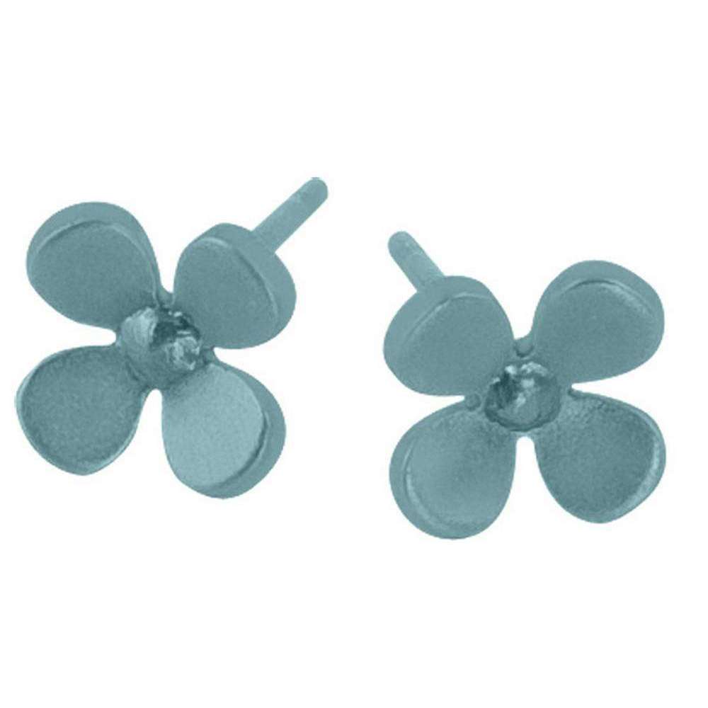Ti2 titanium 8 mm vier bloembladen bloembuien oorbellen - hemelblauw
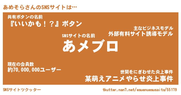 | 肩書あだ名 | 『あめそら社長』『あめそら大統領』 |
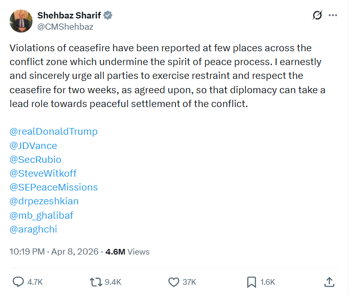 5. 调解人巴基斯坦指出:停火协议已遭到破坏。巴基斯坦总理谢里夫此前亲自宣布停火协议,明确表示协议“覆盖包括黎巴嫩在内的所有地区”。在以色列对黎巴嫩升级军事行动后,谢里夫发帖,确认停火协议已遭到违反。巴基斯坦外交部也发表正式声明,以最强烈措辞谴责以色列对黎巴嫩的持续军事侵略,称其导致数百平民死亡和近五十万人流离失所,严重违反国际法,破坏黎巴嫩主权与地区稳定。声明呼吁国际社会采取紧急行动,结束以色列的“无差别针对平民”和对黎巴嫩领土完整的侵犯。
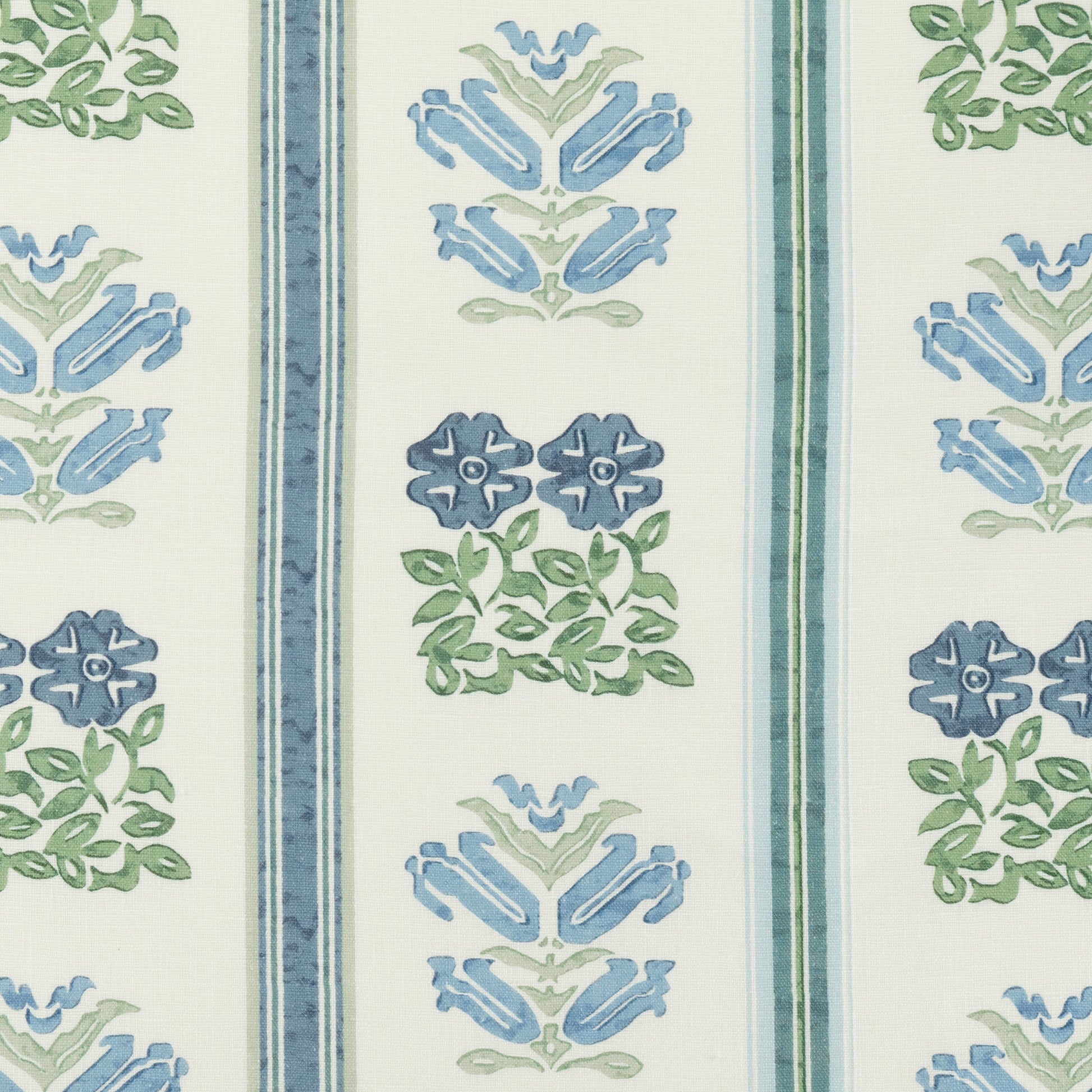 Sample - Folkloric Floral Stripe Dual Use Printed Linen Delft Blue/Oyster
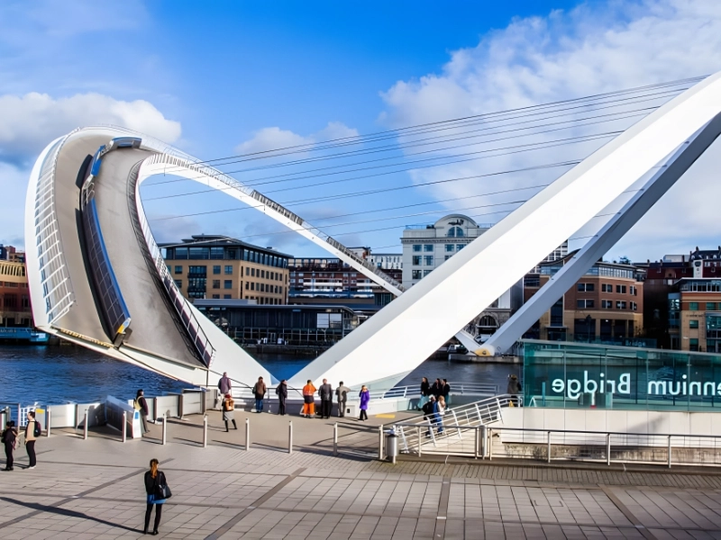 The Gateshead Millennium Bridge spans the River Tyne and is designed for cyclists and pedestrians. It links the Gateshead arts district with Newcastle upon Tyne’s Quayside. The architects Wilkinson, Eyre, and Gifford designed the building. Because of its slanted design, the bridge is also known as the “Winking” or “Blinking Eye Bridge.”
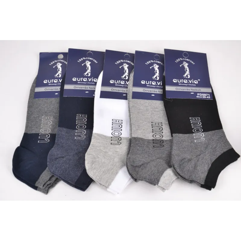 Чоловічі бавовняні занижені шкарпетки торгової марки "AURA", висока якість, різні забарвлення. Колір ― Як на фото Розмір ― 39-42 Кількість виробів в упаковці ― 5 пар (одного розміру, mix кольорів) Склад ― 85% Cotton, 10% Polyamide, 5% Elasthane Виробництво ― Китай
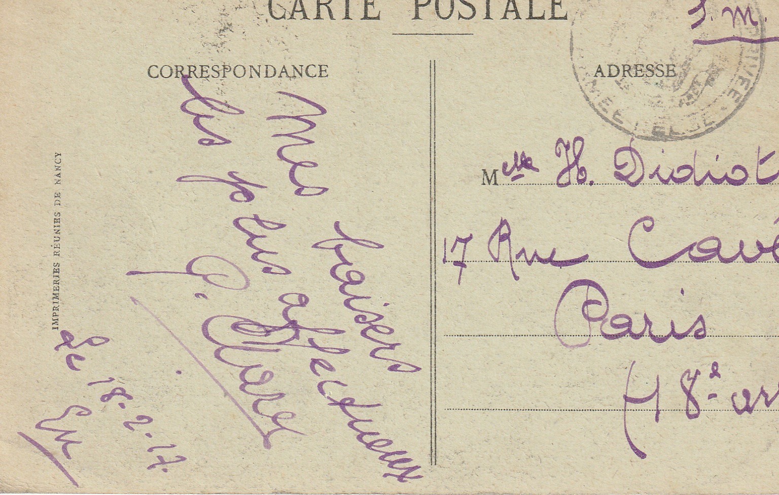 76 EU. Vue générale avec oblitération militaire 1917
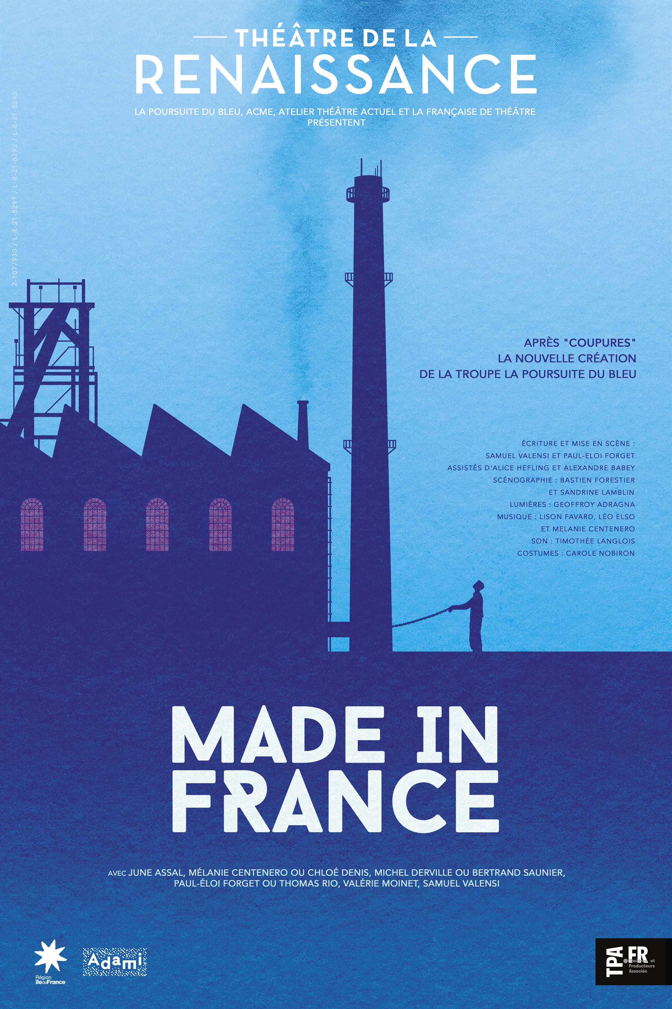 Made in France est un spectacle qui raconte le combat d’hommes et de femmes prêts à tout pour sauver l’industrie française... enfin... à tout, sauf à faire quelque chose.
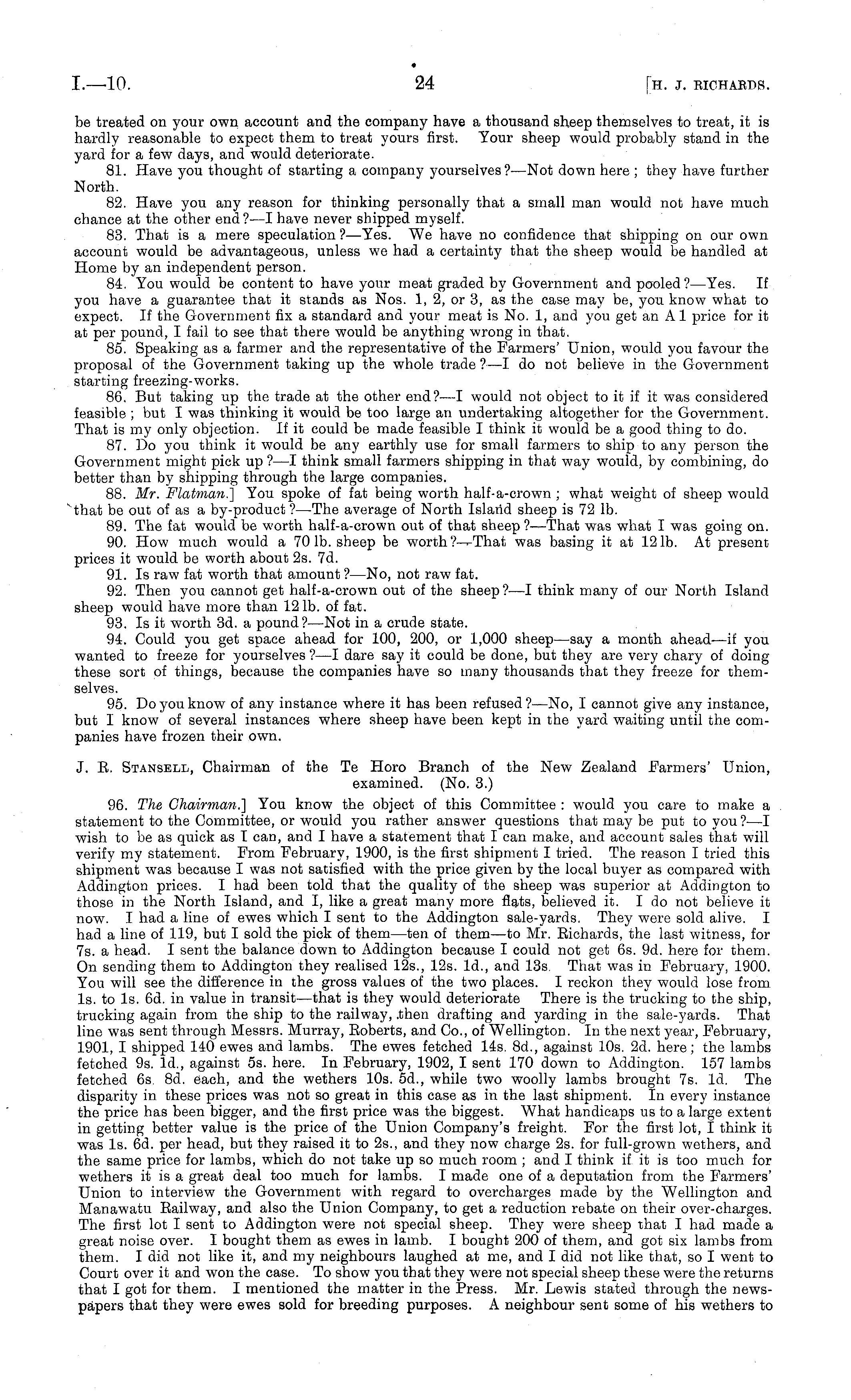 be treated on your own account and the company have a thousand sheep themselves to treat, it is hardly reasonable to expect them to treat yours first. Your sheep would probably stand in the yard for a few days, and would deteriorate. 81. Have you thought of starting a company yourselves?— Not down here ; they have further North. 82. Have you any reason for thinking personally that a small man would not have much chance at the other end ?—I have never shipped myself. 83. That is a mere speculation ?—Yes. We have no confidence that shipping on our own account would be advantageous, unless we had a certainty that the sheep would be handled at Home by an independent person. 84. You would be content to have your meat graded by Government and pooled?— Yes. If you have a guarantee that it stands as Nos. 1, 2, or 3, as the case may be, you know what to expect. If the Government fix a standard and your meat is No. 1, and you get an A 1 price for it at per pound, I fail to see that there would be anything wrong in that. 85. Speaking as a farmer and the representative of the Farmers' Union, would you favour the proposal of the Government taking up the whole trade ? —I do not believe in the Government starting freezing-works. 86. But taking up the trade at the other end?—l would not object to it if it was considered feasible ; but I was thinking it would be too large an undertaking altogether for the Government. That is my only objection. If it could be made feasible I think it would be a good thing to do. 87. Do you think it would be any earthly use for small farmers to ship to any person the Government might pick up ?—I think small farmers shipping in that way would, by combining, do better than by shipping through the large companies. 88. Mr. Flatman.] You spoke of fat being worth half-a-crown ; what weight of sheep would that be out of as a by-product ?—The average of North Island sheep is 72 lb. 89. The fat would be worth half-a-crown out of that sheep ?—That was what I was going on. 90. How much would a7O lb. sheep be worth ?—That was basing it at 121b. At present prices it would be worth about 2s. 7d. 91. Is raw fat worth that amount ? —No, not raw fat. 92. Then you cannot get half-a-crown out of the sheep?—l think many of our North Island sheep would have more than 12 lb. of fat. 93. Is it worth 3d. a pound? —Not in a crude state. 94. Could you get space ahead for 100, 200, or 1,000 sheep—say a month ahead—if you wanted to freeze for yourselves ? —I dare say it could be done, but they are very chary of doing these sort of things, because the companies have so many thousands that they freeze for themselves. 95. Do you know of any instance where it has been refused ?—No, I cannot give any instance, but I know of several instances where sheep have been kept in the yard waiting until the companies have frozen their own. J. E. Stansell, Chairman of the Te Horo Branch of the New Zealand Farmers' Union, examined. (No. 3.) 96. The Chairman.] You know the object of this Committee : would you care to make a statement to the Committee, or would you rather answer questions that may be put to you ?—I wish to be as quick as I can, and I have a statement that I can make, and account sales that will verify my statement. From February, 1900, is the first shipment I tried. The reason I tried this shipment was because I was not satisfied with the price given by the local buyer as compared with Addington prices. I had been told that the quality of the sheep was superior at Addington to those in the North Island, and I, like a great many more flats, believed it. I do not believe it now. I had a line of ewes which I sent to the Addington sale-yards. They were sold alive. I had a line of 119, but I sold the pick of them —ten of them —to Mr. Eichards, the last witness, for 7s. a head. I sent the balance down to Addington because I could not get 6s. 9d. here for them. On sending them to Addington they realised 125., 12s. Id., and 13s. That was in February, 1900. You will see the difference in the gross values of the two places. I reckon they would lose from Is. to Is. 6d. in value in transit—that is they would deteriorate There is the trucking to the ship, trucking again from the ship to the railway, .then drafting and yarding in the sale-yards. That line was sent through Messrs. Murray, Eoberts, and Co., of Wellington. In the next year, February, 1901, I shipped 140 ewes and lambs. The ewes fetched 14s. Bd., against 10s. 2d. here; the lambs fetched 9s. Id., against ss. here. In February, 1902, I sent 170 down to Addington. 157 lambs fetched 6s. Bd. each, and the wethers 10s. 5d., while two woolly lambs brought 7s. Id. The disparity in these prices was not so great in this case as in the last shipment. In every instance the price has been bigger, and the first price was the biggest. What handicaps us to a large extent in getting better value is the price of the Union Company's freight. For the first lot, I think it was Is. 6d. per head, but they raised it to 25., and they now charge 2s. for full-grown wethers, and the same price for lambs, which do not take up so much room ; and I think if it is too much for wethers it is a great deal too much for lambs. I made one of a deputation from the Farmers' Union to interview the Government with regard to overcharges made by the Wellington and Manawatu Eailway, and also the Union Company, to get a reduction rebate on their over-charges. The first lot I sent to Addington were not special sheep. They were sheep that I had made a great noise over. I bought them as ewes in lamb. I bought 200 of them, and got six lambs from them. I did not like it, and my neighbours laughed at me, and I did not like that, so I went to Court over it and won the case. To show you that they were not special sheep these were the returns that I got for them. I mentioned the matter in the Press. Mr. Lewis stated through the newspapers that they were ewes sold f

The task | Only one thing is wanted here, an exact copy of the lines from the first line above through the line containing "Sample - Folkloric", minus any picture.

Answer to the exercise |
Ti2 titanium 8 mm vier bloembladen bloembuien oorbellen - hemelblauw
 | 肩書あだ名 | 『あめそら社長』『あめそら大統領』 |
 5. 调解人巴基斯坦指出:停火协议已遭到破坏。巴基斯坦总理谢里夫此前亲自宣布停火协议,明确表示协议“覆盖包括黎巴嫩在内的所有地区”。在以色列对黎巴嫩升级军事行动后,谢里夫发帖,确认停火协议已遭到违反。巴基斯坦外交部也发表正式声明,以最强烈措辞谴责以色列对黎巴嫩的持续军事侵略,称其导致数百平民死亡和近五十万人流离失所,严重违反国际法,破坏黎巴嫩主权与地区稳定。声明呼吁国际社会采取紧急行动,结束以色列的“无差别针对平民”和对黎巴嫩领土完整的侵犯。
 Sample - Folkloric Floral Stripe Dual Use Printed Linen Delft Blue/Oyster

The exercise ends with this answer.